44% des salariés estiment fréquentes les pratiques addictives dans leur milieu professionnel (Source : Elabe Gae Conseil, 2019).

Les addictions au travail mettent en danger la santé et la sécurité des salariés et peuvent entraîner de graves accidents du travail. Alcool, drogues, médicaments, etc. : ces consommations à risques ne doivent donc pas être prises à la légère au sein d’une entreprise. 

Quelles sont les obligations de l’employeur ? Comment sensibiliser ses salariés aux addictions au travail ? Comment construire une démarche de prévention ? Faisons le point ensemble. 

Addictions au travail : de quoi parle-t-on ?

Verre d'alcool

Définition de l’addiction au travail

L’addiction est une pathologie cérébrale, chronique et récidivante, et non un vice. Elle se caractérise par une consommation répétée, excessive et incontrôlable d’une substance psychoactive ou psychotrope, et ce, malgré la connaissance de ses conséquences négatives.
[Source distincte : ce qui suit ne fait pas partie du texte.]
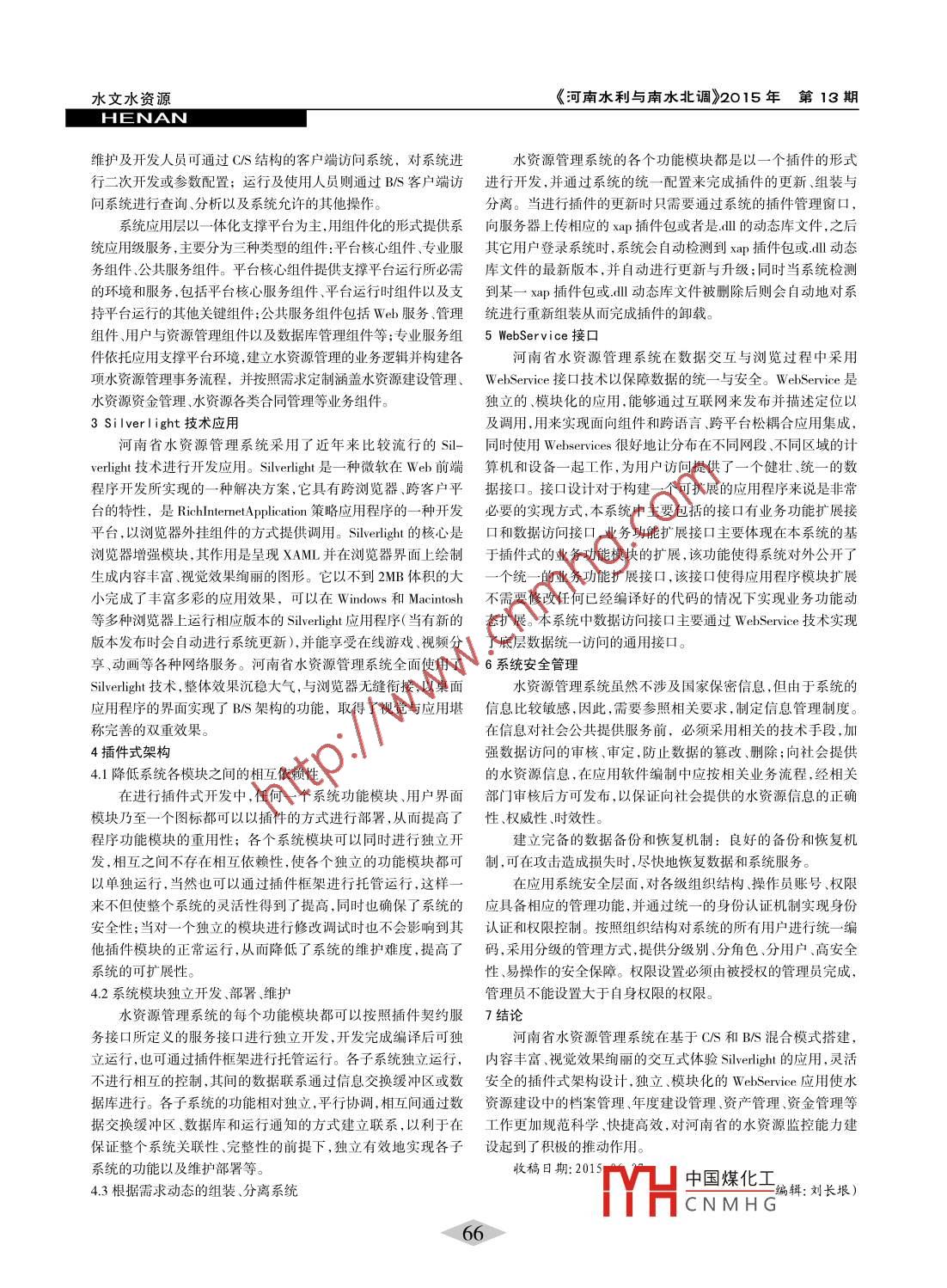 《河南水利與南水北調(diào)》2015年第13期水文水資源HENAN河南省水資源建設(shè)管理系統(tǒng)研究口姚廣華(許昌水文水資源勘測局)摘要:目前河南省水資源監(jiān)控能力建設(shè)正在如火如茶,水資源建設(shè)管理系統(tǒng)的開發(fā)應(yīng)用正恰逢其時。該管理系統(tǒng)通過采用較為領(lǐng)先的架構(gòu)模式、新興的技術(shù)應(yīng)用、安全可靠的接口技術(shù)對水資源建設(shè)過程產(chǎn)生的檔案管理、年度建設(shè)管理、資產(chǎn)管理、資金管理、人員管理、權(quán)限管理進(jìn)行分門別類、科學(xué)規(guī)范的管理,為河南省的水資源監(jiān)控能力建設(shè)工作帶來極大的便利。關(guān)鍵詞:混合模式;Silverlight技術(shù)應(yīng)用;插件式架構(gòu); WebService接口;系統(tǒng)安全管理中圖分類號:TV213文獻(xiàn)標(biāo)識碼:B文章編號: 1673-8853(2015)13-0065-021系統(tǒng)功能概述辦公設(shè)備,通過資產(chǎn)管理平臺,實現(xiàn)全面的.系統(tǒng)的掌握資產(chǎn)的1.1檔案管理模塊采購.變更管理、維護(hù)保養(yǎng)運(yùn)行狀態(tài)、以及各資產(chǎn)的維護(hù)人員與-是建設(shè)項目與監(jiān)理項目中的招、投標(biāo)文件,評標(biāo)文件,中 責(zé)任人等信息。標(biāo)通知,合同協(xié)議,驗收等紙質(zhì)照片、音頻影像等按年度、類型1.4 資金管理模塊存檔查詢與管理。二是建設(shè)項目驗收過程中的年度檢驗、自驗一是國家資金管理,按照國家下?lián)苜Y金的批次、建設(shè)的項和終驗中:建管方設(shè)計方、集成方、監(jiān)理方等各類型報告及附件目、使用計劃進(jìn)行管理;二是省配套資金管理,按照省配套資金備案的管理。三是公文管理:水利部文件水利廳文件財政廳下 撥的批次、建設(shè)的項目、使用計劃進(jìn)行管理;按年份建設(shè)總經(jīng)文件、項目辦文件及簡報分類型分年份管理,商業(yè)軟件數(shù)據(jù)庫、費(fèi)管 理,按照每年的建設(shè)資金總量,分批次、分類型(國家資金、操作系統(tǒng)、硬件等采購的各類協(xié)議合同分類分年份管理。省配套資金)、分項目(利用資金建設(shè)的項目)進(jìn)行管理。1.2年度建設(shè)管理模塊2混合模式架構(gòu)按年份分標(biāo)段對各類型公司(軟件公司勘測設(shè)計公司、建河南省水資源管理系統(tǒng)軟件采用C/S和B/S混合模式搭設(shè)公司、監(jiān)理公司等)中標(biāo)情況分類管理。如中標(biāo)的項目、監(jiān)測建, 主要以B/S模式為主。在組織架構(gòu)上采用三層模式進(jìn)行設(shè)點、應(yīng)用軟件、服務(wù)器等進(jìn)行備案管理,以便查詢與統(tǒng)計。計:數(shù)據(jù)訪問層、業(yè)務(wù)邏輯層、應(yīng)用層。1.3資產(chǎn)管理在系統(tǒng)控制層針對不同的用戶群,采用了C/S 和B/S混合按照資產(chǎn)類別把資產(chǎn)分為取用水戶水功能區(qū)、硬件、軟件、模式, 以滿足不同業(yè)務(wù)人員對系統(tǒng)的功能需求。在操作過程中,心公公公公公公公公公公公公公公公公公公公公公公公公:起點距記數(shù)器發(fā)生故障,在不具備直接讀距的情況下,可以它所 表現(xiàn)出的信號傳輸效果也是不同的,因此在處理信號傳輸臨時采用經(jīng)緯儀定位法和水準(zhǔn)儀測距法,如果有全站儀的情況問題時 ,要根據(jù)不同的特性做出相應(yīng)的處理。文章所介紹的信號下,使用全站儀更為方便,可以做為首選應(yīng)急補(bǔ)救措施。源是一-種普遍使用的綜合信號源其外部共有7個接線頭,其連3.3水深記數(shù)故障的應(yīng)急措施接在鉛魚尾部,由于其經(jīng)常在水下工作,長時間使用,接線頭容河底信號故障,導(dǎo)致水深無法及時施測,這個時候可以利用易損壞導(dǎo)致接觸不牢,因此,每次使用后要用布擦干,長時間不.當(dāng)時觀測的水位,查出與起點距相對應(yīng)的河底高程來計算出水使用時要 卸下來放回室內(nèi),使用一- 段時間后,要注意檢查綜合信深,水深較小時還可以在鉛魚和起重索結(jié)合部固定水尺板直接號 源的橡膠密封圈,如果損壞或密封效果不好要及時更換,以免讀取水深。測點水深的應(yīng)急辦法,可以參照固定水尺板直接讀取綜合信 號源內(nèi)滲水造成極板損壞。水深的方法直接讀取流速儀入水的相對水深,必要時可以加改經(jīng)過多年的探索和改進(jìn)后,新型的全自動水文纜道測流系正數(shù),確保流速儀準(zhǔn)確定位。如遇較大洪水,流速儀定位困難的統(tǒng)的信 號傳輸與以往相比,信號傳輸性能有了很大提高,抗干擾情況可以考慮施測水面流速。能力和靈敏度都有所改進(jìn),避免了以往信號傳輸過程中的相互4結(jié)語.干擾現(xiàn)象。中國煤化工有關(guān)信號傳輸?shù)膯栴},由于各種水文纜道具有不同的特性,收稿日期: 2015YHCNMH G編輯:劉長垠)65水文水資源《河南水利與南水北調(diào)》2015年第13期HENAN維護(hù)及開發(fā)人員可通過CIS結(jié)構(gòu)的客戶端訪問系統(tǒng),對系統(tǒng)進(jìn)水資源管理系統(tǒng)的各個功能模塊都是以一個插件的形式行二次開發(fā)或參數(shù)配置;運(yùn)行及使用人員則通過B/S客戶端訪進(jìn)行開發(fā) ,并通過系統(tǒng)的統(tǒng)- -配 置來完成插件的更新、組裝與問系統(tǒng)進(jìn)行查詢、分析以及系統(tǒng)允許的其他操作。分離。當(dāng)進(jìn)行插件的更新時只需要通過系

Quelle est la différence entre substances psychoactives et psychotropes ?

20 à 30% des 650 000 accidents de travail annuels sont corrélés à la prise d’une substance psychoactive.

Source : Addict’AIDE Pro

Une substance est dite psychoactive lorsqu’elle perturbe le fonctionnement du cerveau et modifie l’état de conscience. Le tabac, l’alcool, le cannabis, les champignons hallucinogènes, les drogues semi-synthétiques (cocaïne, héroïne, etc.) et de synthèse (amphétamines, ecstasy, etc.) appartiennent à cette catégorie. 
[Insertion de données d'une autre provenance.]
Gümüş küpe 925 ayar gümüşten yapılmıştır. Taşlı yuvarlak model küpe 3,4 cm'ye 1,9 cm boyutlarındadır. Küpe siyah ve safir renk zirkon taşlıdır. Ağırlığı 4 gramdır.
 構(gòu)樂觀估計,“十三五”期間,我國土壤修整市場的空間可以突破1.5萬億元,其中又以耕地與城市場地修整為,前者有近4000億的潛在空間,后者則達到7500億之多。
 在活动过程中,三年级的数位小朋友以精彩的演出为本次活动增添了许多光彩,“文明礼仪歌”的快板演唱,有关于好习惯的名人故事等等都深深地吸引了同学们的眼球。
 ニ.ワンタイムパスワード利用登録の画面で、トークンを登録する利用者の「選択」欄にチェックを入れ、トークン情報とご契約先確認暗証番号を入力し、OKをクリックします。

Les psychotropes sont tous les médicaments qui modifient le psychisme et donc notre comportement : les antidépresseurs, les anxiolytiques ou tranquillisants, les hypnotiques ou somnifères, les neuroleptiques, les régulateurs de l’humeur, etc.

Quelle est la différence entre drogue et stupéfiant ?

Le terme drogue recouvre toutes les substances psychoactives et psychotropes, qu’elles soient licites (tabac, alcool, médicaments) ou illicites (drogues).

Le terme stupéfiant a une connotation juridique. Il désigne les substances psychoactives et psychotropes interdites dont l’usage est contrôlé (drogues illicites) mais aussi les médicaments avec des règles de prescription strictes.

550 000 actifs occupés commencent leurs journées en fumant un joint.

Source : MILDECA

Qu’est-ce qui différencie la dépendance de l’addiction ?

La dépendance est un ensemble de symptômes (physiologiques, cognitifs et comportementaux) qui surgissent suite à l’arrêt brusque de la consommation d’une substance psychoactive ou psychotrope. Cela cause une sensation désagréable de manque.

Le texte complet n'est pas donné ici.